Using the Arduino, real-time clock (RTC) module, LCDs, and web-based applications [16,19], the system reads the RFID card and verifies it with the dataset in the microcontroller. However, the author did not clearly explain how to log and fetch data on the server/cloud; moreover, the microcontroller (from the 8051 families) had limited capacity. Therefore, it could not monitor student attendance on a large scale. Furthermore, regarding a Java Library to reduce the RFID tags collisions, the authors in [17] proposed a new anti-collision protocol by combining dynamically-framed slotted ALOHA (DFSA) and basic-framed slotted ALOHA (BFSA) methods. In [18], a low-cost event attendance system was designed by using a low-cost Wi-Fi chip with a full TCP/IP stack and capability, the ESP8266 module. The authors also proposed data analytics delivered by the system server.

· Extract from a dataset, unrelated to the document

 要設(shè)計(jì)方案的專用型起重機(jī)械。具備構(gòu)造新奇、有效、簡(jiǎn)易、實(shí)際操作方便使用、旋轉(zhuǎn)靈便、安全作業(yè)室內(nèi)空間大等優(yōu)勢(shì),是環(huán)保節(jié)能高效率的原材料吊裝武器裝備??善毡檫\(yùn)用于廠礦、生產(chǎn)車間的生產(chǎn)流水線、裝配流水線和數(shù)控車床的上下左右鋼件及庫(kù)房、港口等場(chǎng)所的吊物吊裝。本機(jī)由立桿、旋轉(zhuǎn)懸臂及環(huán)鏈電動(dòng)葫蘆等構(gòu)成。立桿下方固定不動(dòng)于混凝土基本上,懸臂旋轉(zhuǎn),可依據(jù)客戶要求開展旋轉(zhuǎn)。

Fingerprints have special characteristics that are unique to every person and do not change throughout one’s lifetime, barring an accident [15]. Thus, a fingerprint system is the best/fastest method for an attendance system. In [15], the authors combined a fingerprint reader and Arduino Wemos D1 R2; the system could access the database through Wi-Fi. This system could be implemented in large databases. On the other hand, the attendance system in [10] is a PC or server used to manage fingerprint devices and the attendance of students. To reduce the daily error rate, the fuzzy-based attendance system was proposed and implemented using the fingerprint device, .NET C# web service, Oracle database, and ZKTeco U260-C [14]. Moreover, the attendance system could integrate a Wi-Fi module to create an access point (in the case of no coverage) to increase the possibility of error-free attendance logging [13].

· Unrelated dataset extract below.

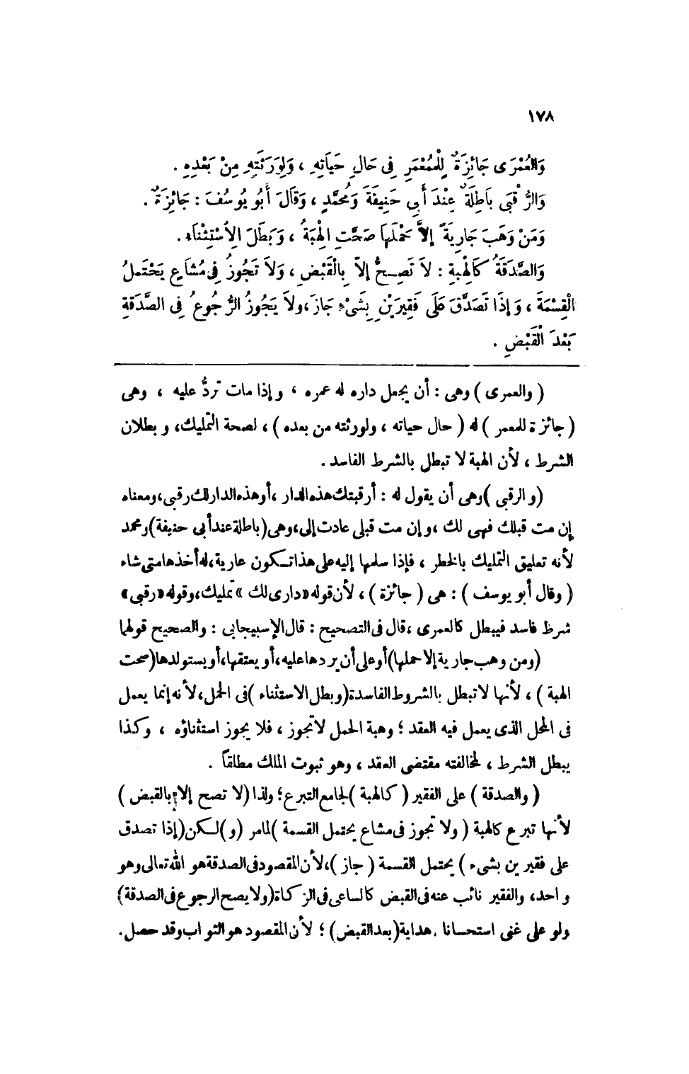 (والعمرى) وهي: أن يجعل داره له عمره، وإذا مات ترد عليه، وهي (جائزة للمعمر) له (حال حياته، ولورثته من بعده) ، لصحة التمليك، وبطلان الشرط، لأن الهبة لا تبطل بالشرط الفاسد.

The QR code-based attendance system was developed for quick readability and greater storage capacities [20,21,22,23]. In the QR image, the data are presented in both horizontal and vertical components [23]. In [20,23], the authors developed the QR code-based attendance system by integrating the global positioning system (GPS) to avoid false registrations. Combined with the server, the identity of users can be verified and stored [21,22]. The facial images need to be stored in the presence of a fake student.

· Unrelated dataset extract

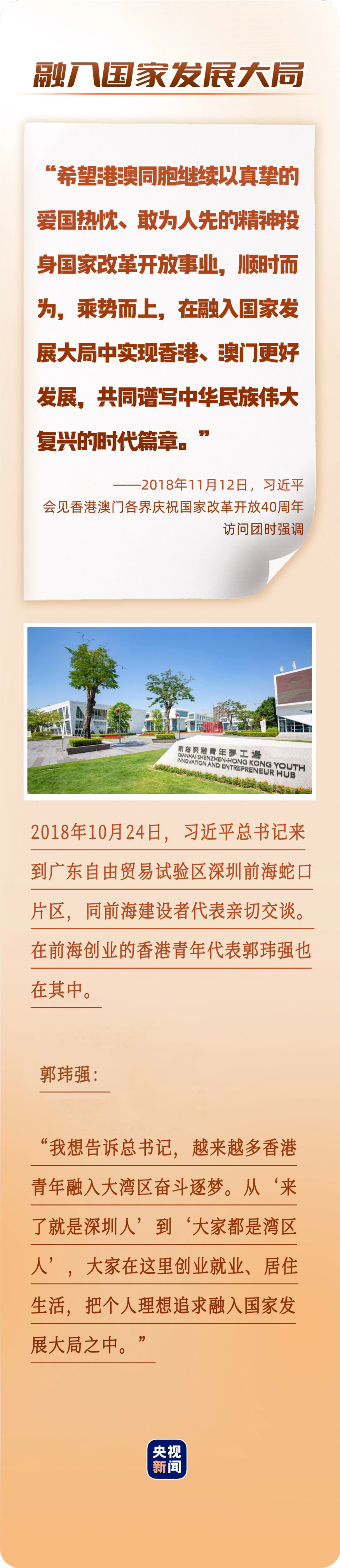 2018年10月24日,郭玮强在“前海石”边见到了习近平总书记,真切地感受到总书记对香港青年的关怀关爱。

A facial recognition-based attendance system is considered an effective system in biometric verification based on pattern recognition and computer vision development [24]. Many algorithms are recognized, such as HOG [25], deep metric learning [26], a pre-trained Haar cascade model [27], and the eigenvalue face approach [28]. A facial recognition-based attendance system operates in the following steps: (1) capture the image, (2) detect the face, (3) recognize it with the database, and (4) mark the attendance. Complex facial recognition algorithms, such as deep learning and machine learning, require high CPU processing. Therefore, deployment of this system requires specific equipment, such as computers, laptops, and phones.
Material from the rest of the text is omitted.